| The data |
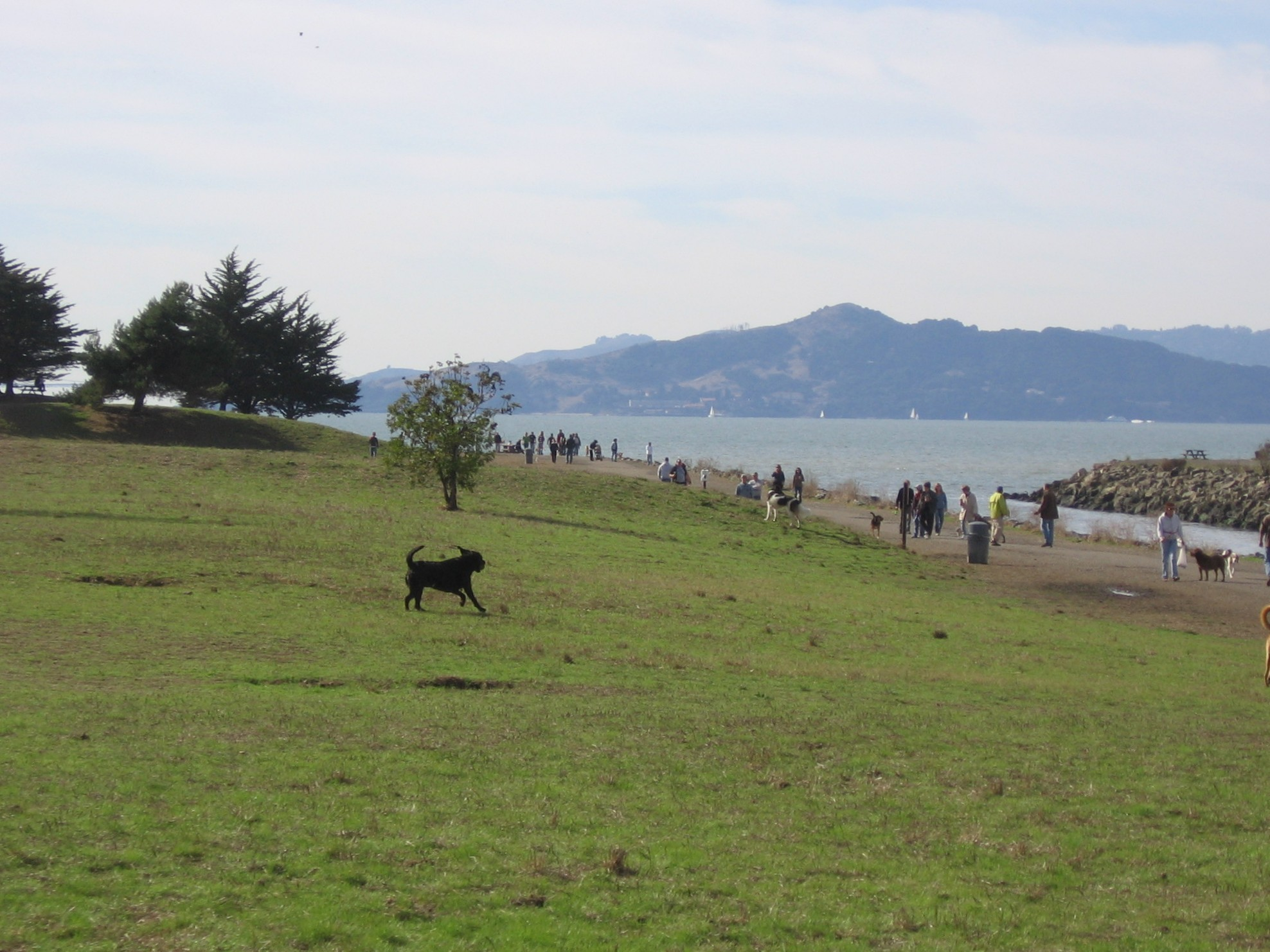 A picture taken of Point Isabel California in November 2006. I am the author.
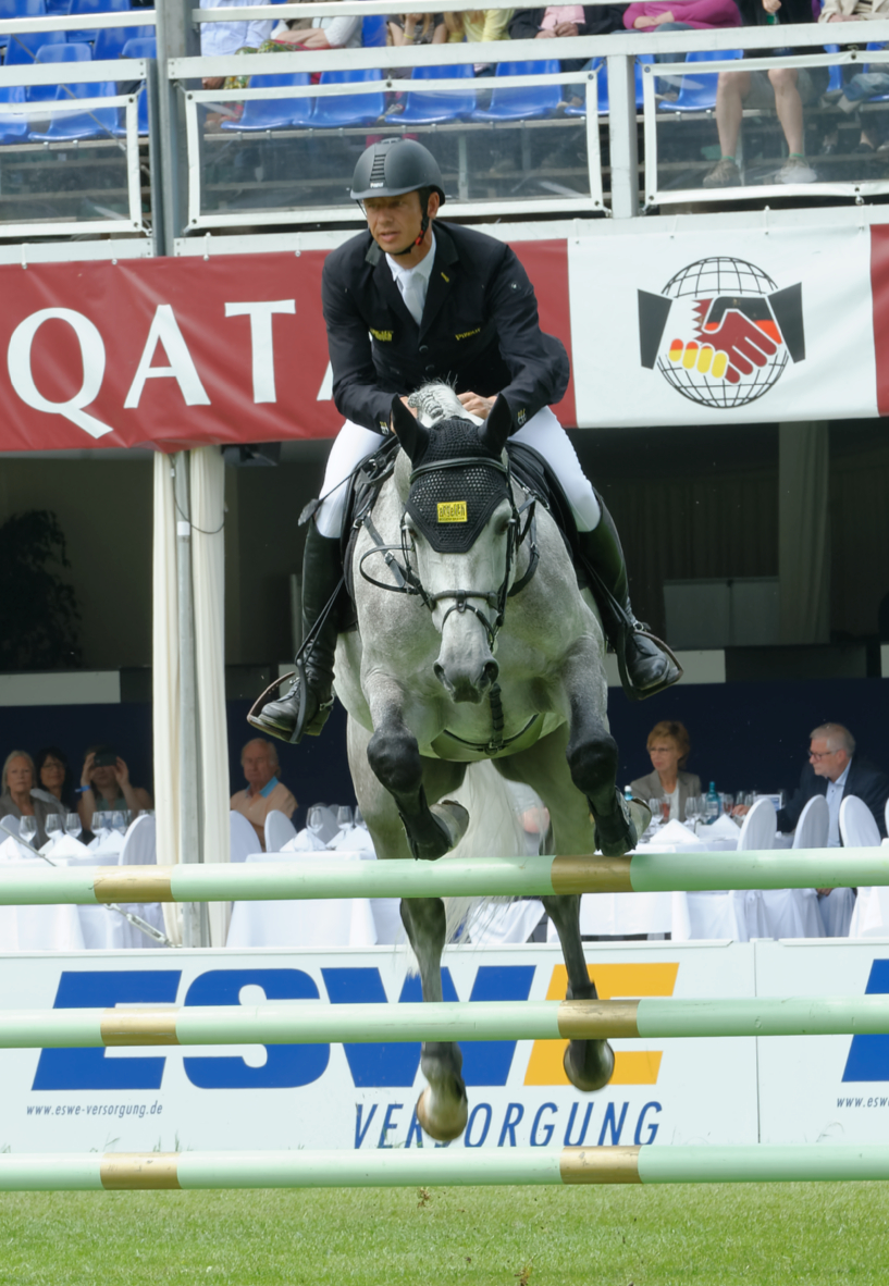 CSIYH* int. Springprüfung nach Strafpunkten und Zeit Internationales Pfingstturnier Wiesbaden 2015 The making of this document was supported by the Community-Budget of Wikimedia Germany.
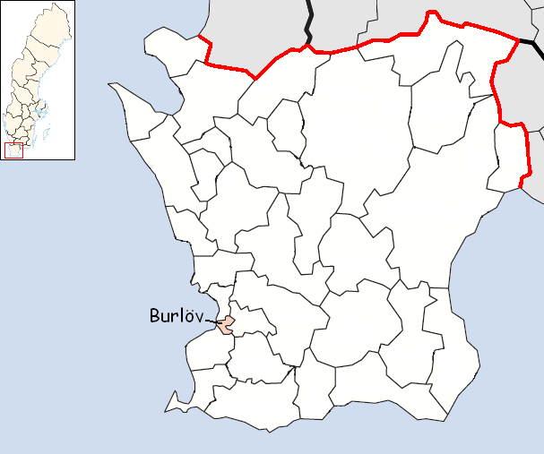 Burlöv Municipality in Scania, Sweden Designed by me. Mere outlines are a PD source from
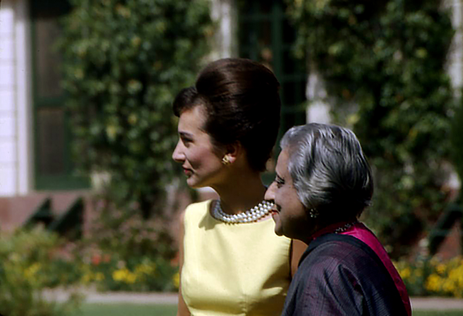 "Princess Lee Radziwill of Poland (left), sister of First Lady Jacqueline Kennedy, stands with Krishna Hutheesing, sister of Prime Minister Jawaharlal Nehru of India, at the Prime Minister’s residence, Teen Murti Bhavan, in New Delhi, India."
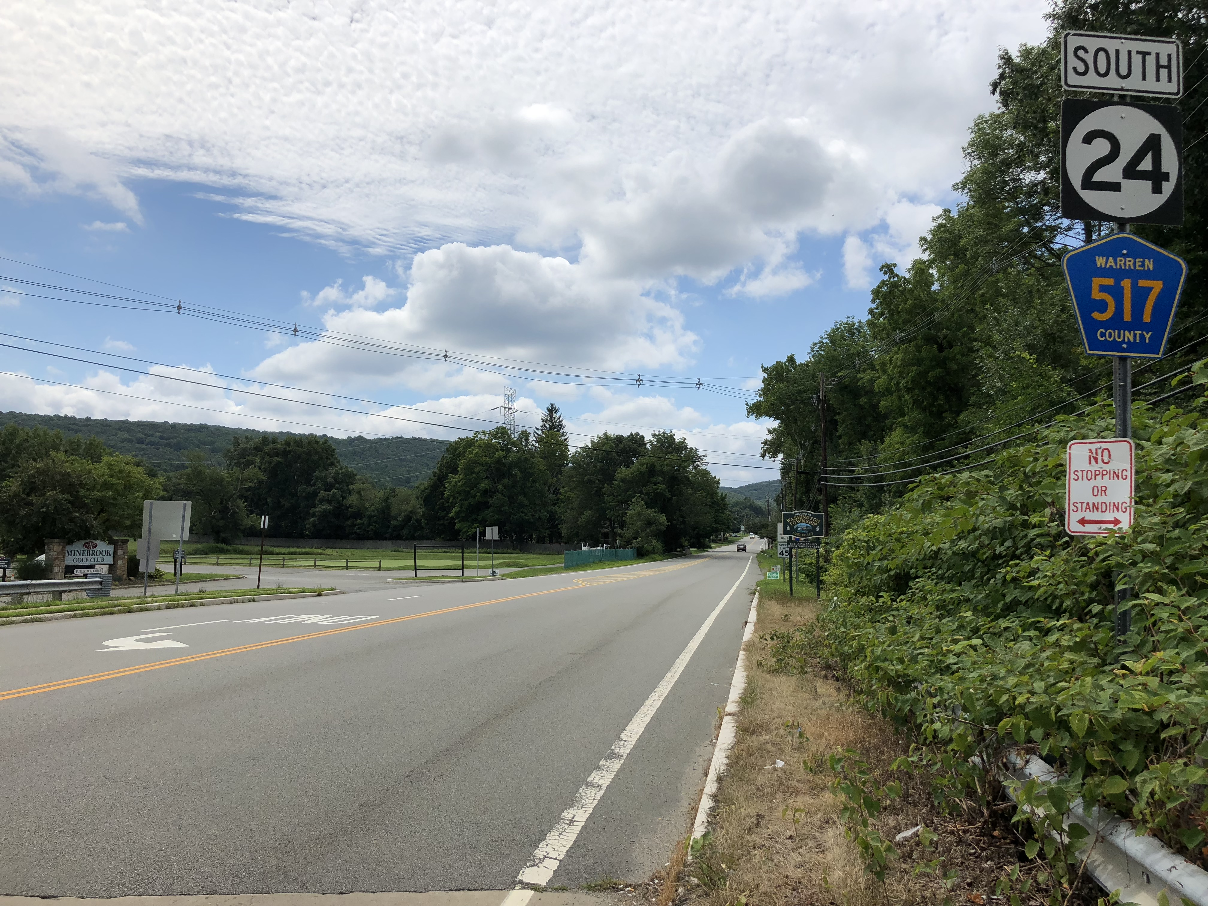 View south along Morris County Route 517 (Schooleys Mountain Road) just south of the Musconetcong River in Washington Township, Morris County, New Jersey
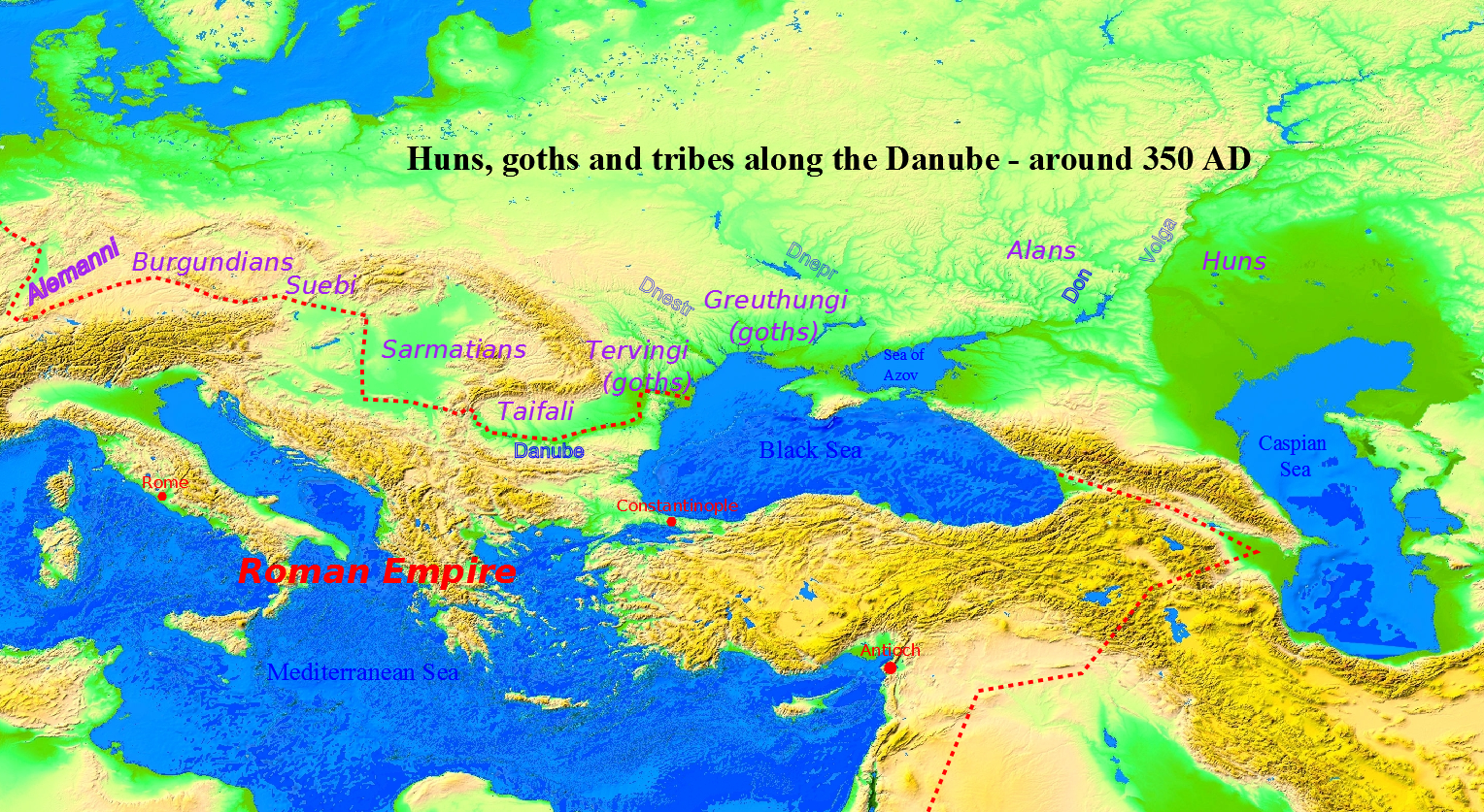 Central and Eastern Europe, ca. AD 350. Showing the Huns and other tribes North of the Roman border.
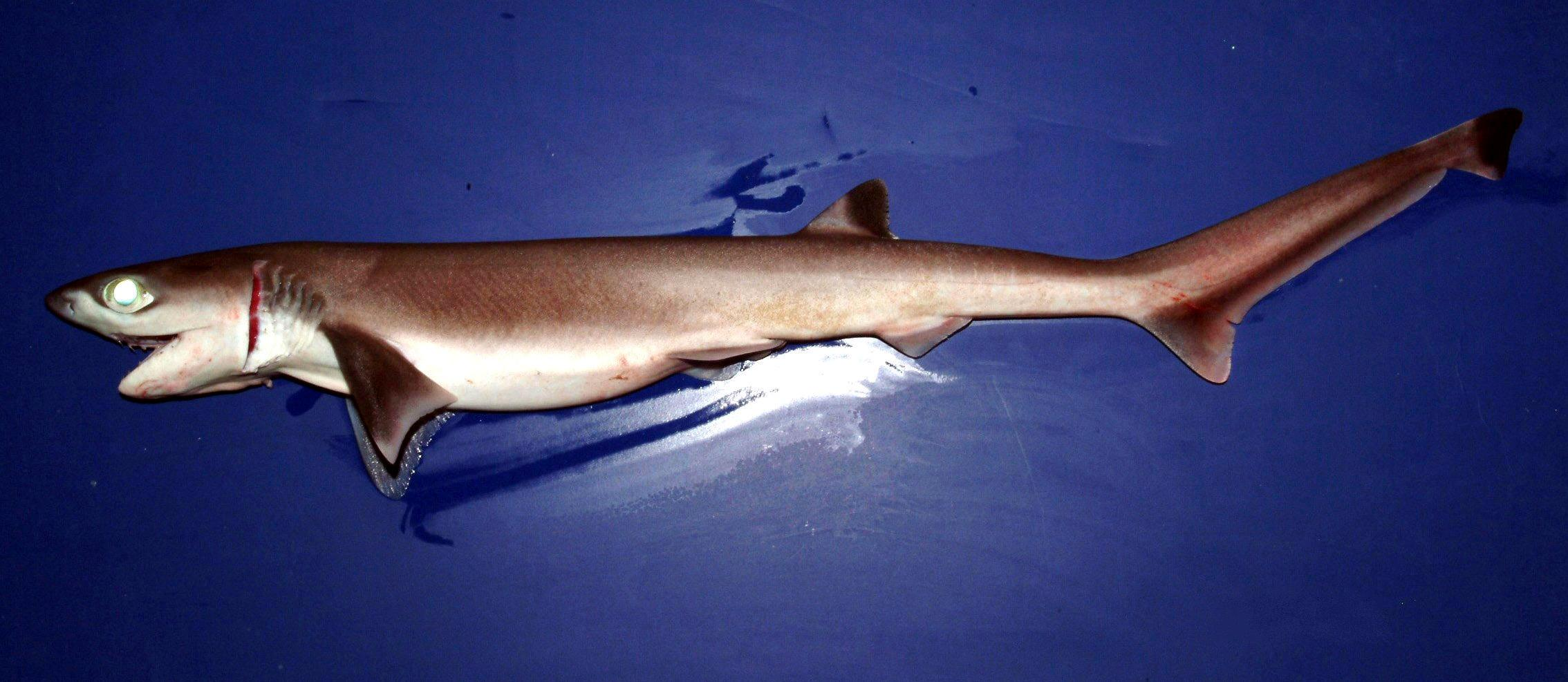 Sharpnose sevengill shark ( Heptranchias perlo ) Image ID: fish4278, NOAA's Fisheries Collection Location: Gulf of Mexico Credit: SEFSC Pascagoula Laboratory; Collection of Brandi Noble, NOAA/NMFS/SEFSC
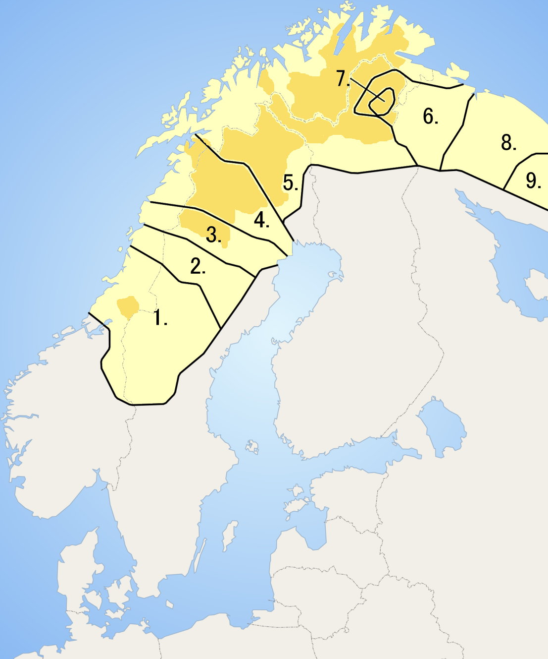 Map of Fennoscandia showing the distribution of Sami languages 1. Southern Sami 2. Ume Sami 3. Pite Sami 4. Lule Sami 5. Northern Sami 6. Skolt Sami 7. Inari Sami 8. Kildin Sami 9. Ter Sami
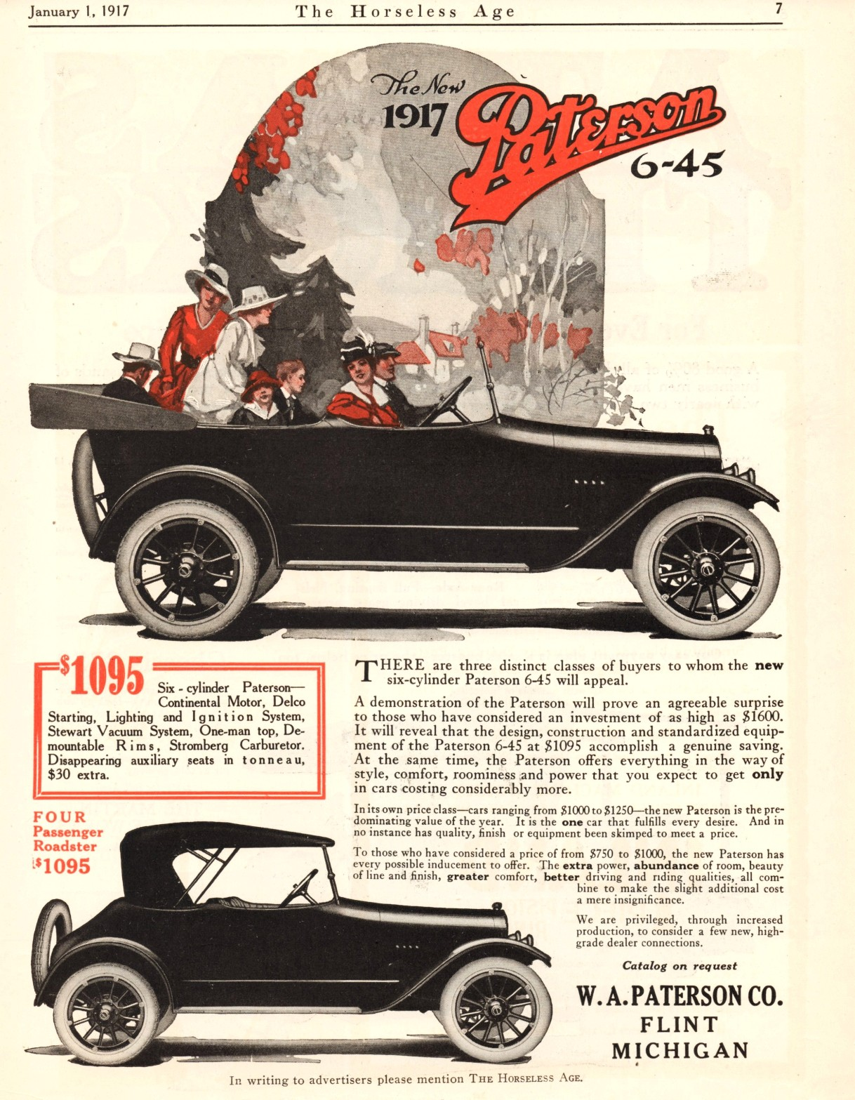 1917 Paterson 6-45 Touring Car ad. The Paterson was built in Flint, Michigan from 1908 until 1923.
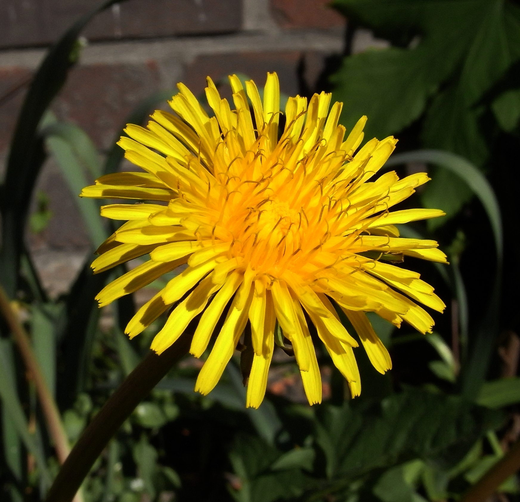 Taraxacum officinale

| Exercise directions |
Reproduce exactly the lines of the data above that run from the line with "Sharpnose sevengill shark" down to the line with "1917 Paterson 6-45", both ends included. Pictures do not belong in the copy.

| Exercise response |
 Sharpnose sevengill shark ( Heptranchias perlo ) Image ID: fish4278, NOAA's Fisheries Collection Location: Gulf of Mexico Credit: SEFSC Pascagoula Laboratory; Collection of Brandi Noble, NOAA/NMFS/SEFSC
 Map of Fennoscandia showing the distribution of Sami languages 1. Southern Sami 2. Ume Sami 3. Pite Sami 4. Lule Sami 5. Northern Sami 6. Skolt Sami 7. Inari Sami 8. Kildin Sami 9. Ter Sami
 1917 Paterson 6-45 Touring Car ad. The Paterson was built in Flint, Michigan from 1908 until 1923.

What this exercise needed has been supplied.